2013 Mid-American Conference baseball tournament
- Teams: 8
- Format: Double-elimination
- Finals site: All Pro Freight Stadium; Avon, OH;
- Champions: Bowling Green (3rd title)
- Winning coach: Danny Schmitz (3rd title)
- MVP: Nick Bruns (Bowling Green)

= 2013 Mid-American Conference baseball tournament =

American collegiate baseball tournament

The 2013 Mid-American Conference baseball tournament was held from May 22 through 25. The top eight regular season finishers of the league's twelve teams, regardless of division, met in the double-elimination tournament held at All Pro Freight Stadium in Avon, Ohio. Sixth seed won their third tournament championship to earn the conference's automatic bid to the 2013 NCAA Division I baseball tournament.

==Seeding and format==
The top eight finishers based on conference winning percentage, regardless of division, were seeded one through eight. Teams then played a two bracket, double-elimination tournament leading to a single elimination final.

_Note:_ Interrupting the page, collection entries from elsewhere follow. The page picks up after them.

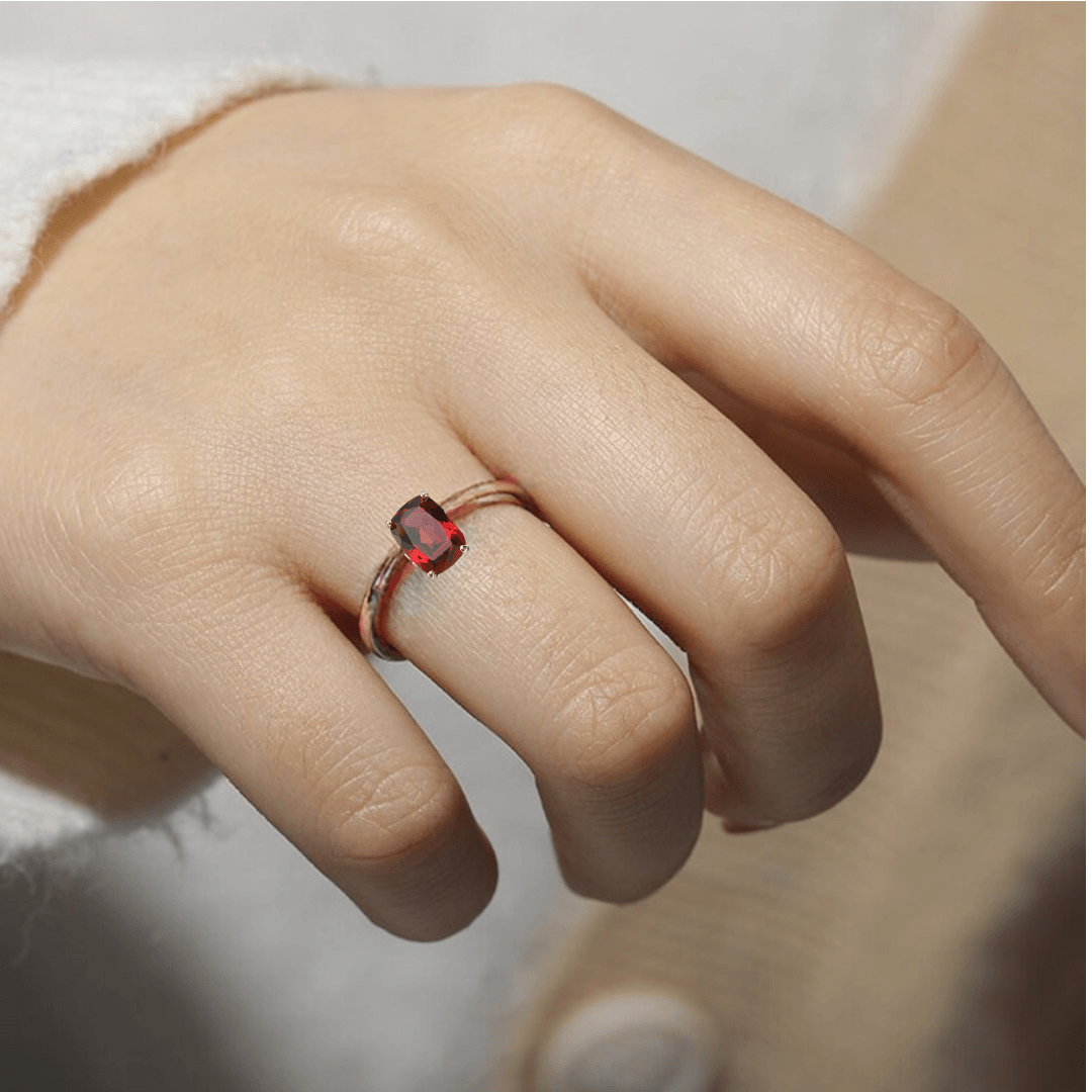 Este anillo solitario de granate natural de 1,00 ct con corte en forma de cojín está engastado en una banda de plata esterlina bañada en oro rosa de 2,20 g. Esta pieza de joyería celebra un estilo contemporáneo, con el elegante corte en forma de cojín brillando gracias al corte experto. Este anillo minimalista será un hermoso regalo para su ser querido.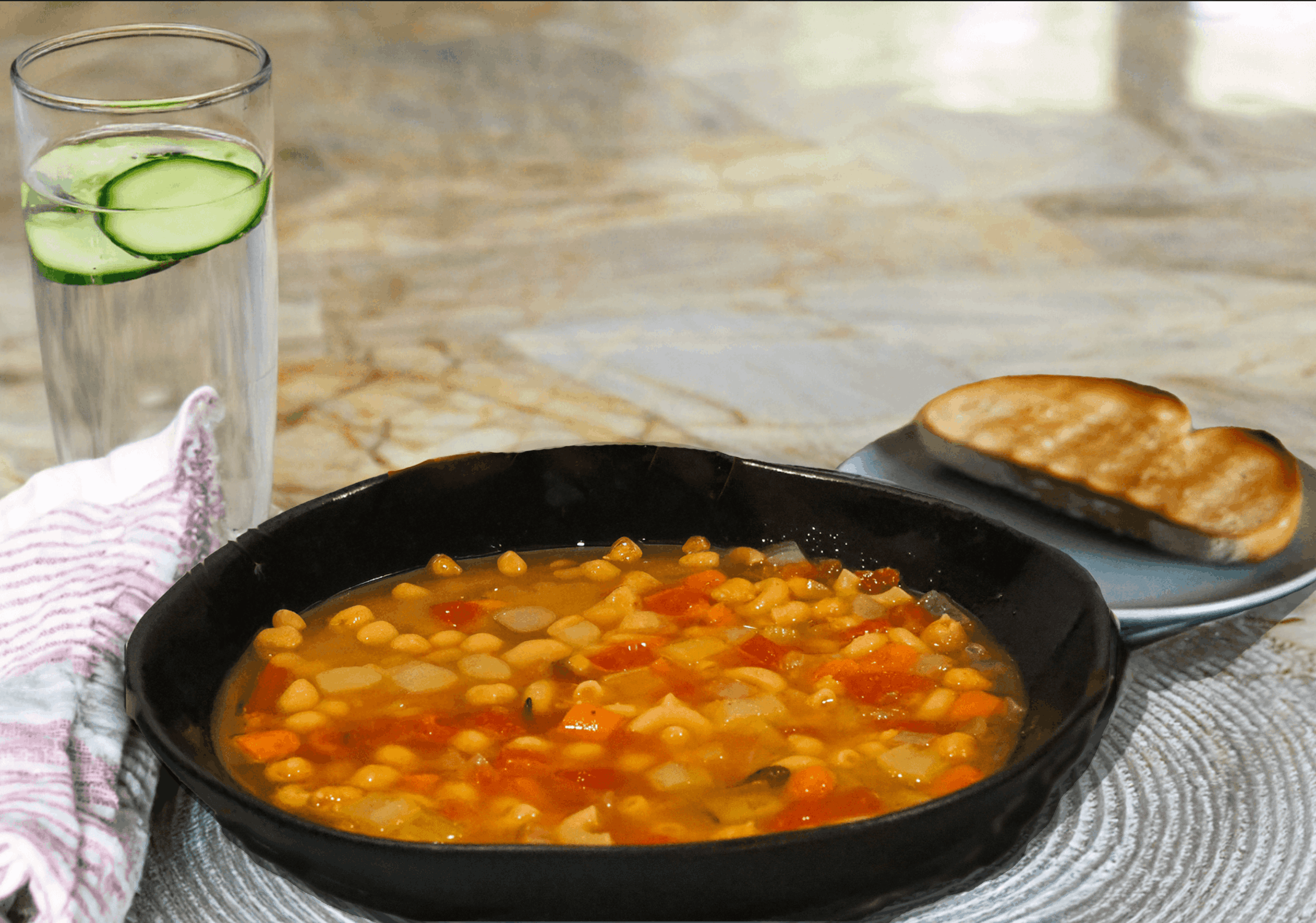 - Serve the soup with sourdough bread and cucumber water.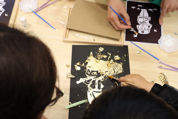 活动尾声,志愿者化身“非遗小老师”,指导孩子们用染色竹篾编织雷锋主题画作,以镊子轻贴金箔勾勒“雷锋助人”“哪吒踏火”的创意图案。竹篾交错间传承奉献情怀,金箔闪耀中点亮童心梦想,传统技艺与时代精神碰撞出别样火花。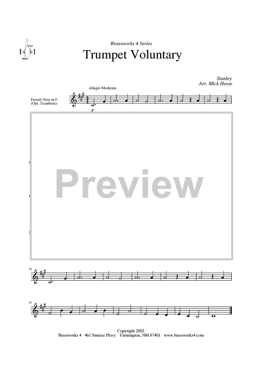 Digital Sheet Music for Trumpet Voluntary - Horn in F by John Stanley, Mick Hesse scored for Brass Quartet; id:316792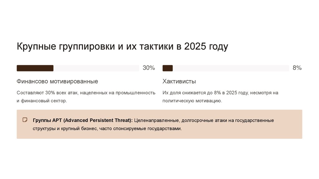 Крупные группировки и их тактики в 2025 году30%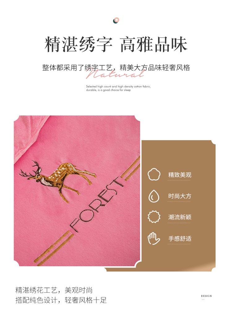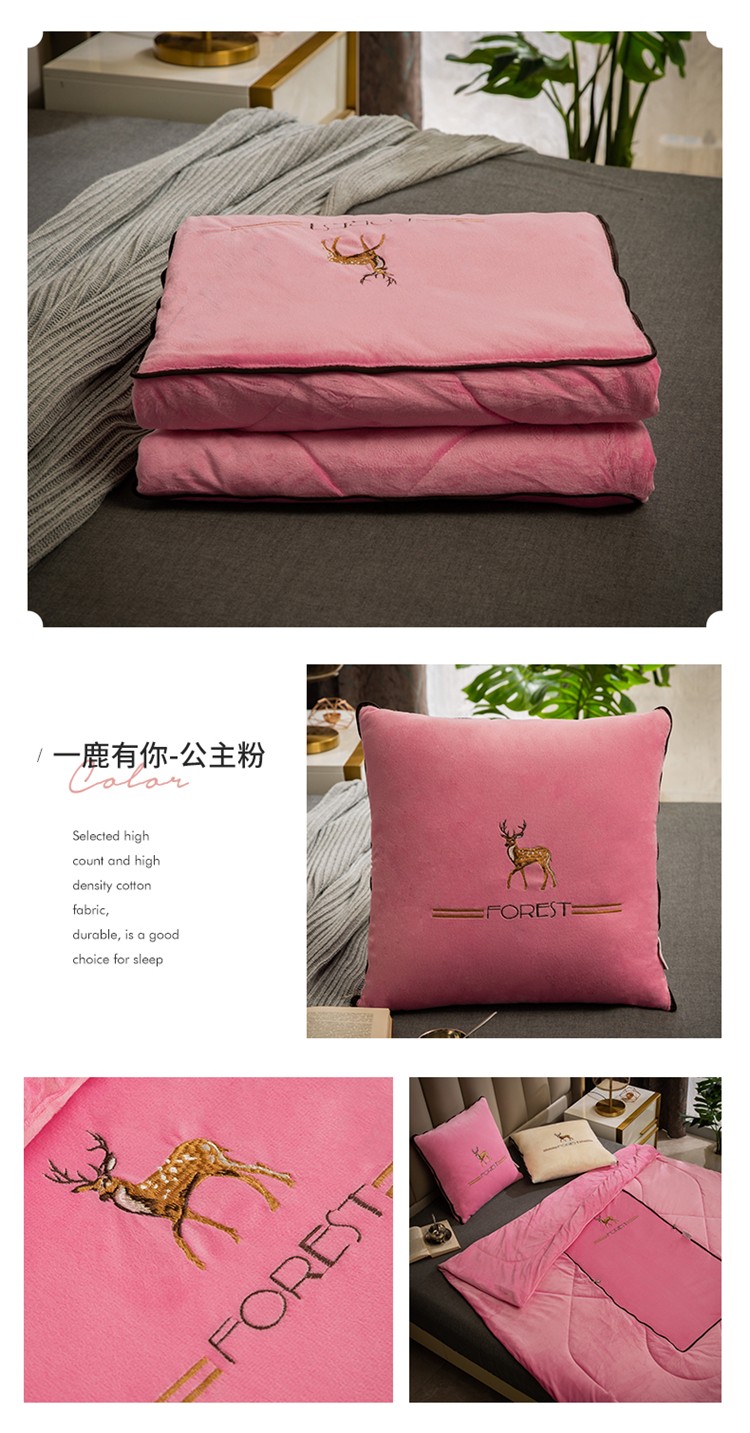 翰轩家居 2021新款水晶绒绣花抱枕被 一鹿有你-公主粉

| Team | W | L | Pct. | GB | Seed |
East Division
| Kent State | 20 | 7 | .741 | – | 1 |
| Buffalo | 19 | 7 | .731 | .5 | 2 |
| Miami | 14 | 13 | .519 | 6 | 5 |
| Bowling Green | 13 | 14 | .481 | 7 | 6 |
| Akron | 10 | 16 | .385 | 9.5 | – |
| Ohio | 9 | 18 | .333 | 11 | – |
West Division
| Northern Illinois | 16 | 11 | .593 | – | 3 |
| Ball State | 15 | 12 | .556 | 1 | 4 |
| Toledo | 13 | 14 | .481 | 3 | 7 |
| Central Michigan | 12 | 15 | .444 | 4 | 8 |
| Eastern Michigan | 12 | 15 | .444 | 4 | – |
| Western Michigan | 8 | 19 | .296 | 8 | – |

==All-Tournament Team==
The following players were named to the All-Tournament Team.

| Name | School |
|---|---|
| Jeremy Shay | Bowling Green |
| Ethan McKinney | Bowling Green |
| Mike Frank | Bowling Green |
| Nick Bruns | Bowling Green |
| T. J. Weir | Ball State |
| Scott Baker | Ball State |
| Sam Tidaback | Ball State |
| Jason Kanzler | Buffalo |
| Derek Toadvine | Kent State |
| Tyler Grogg | Toledo |

===Most Valuable Player===
Nick Bruns was named Tournament Most Valuable Player. Bruns was a pitcher for Bowling Green, who recorded two wins and a save in the tournament.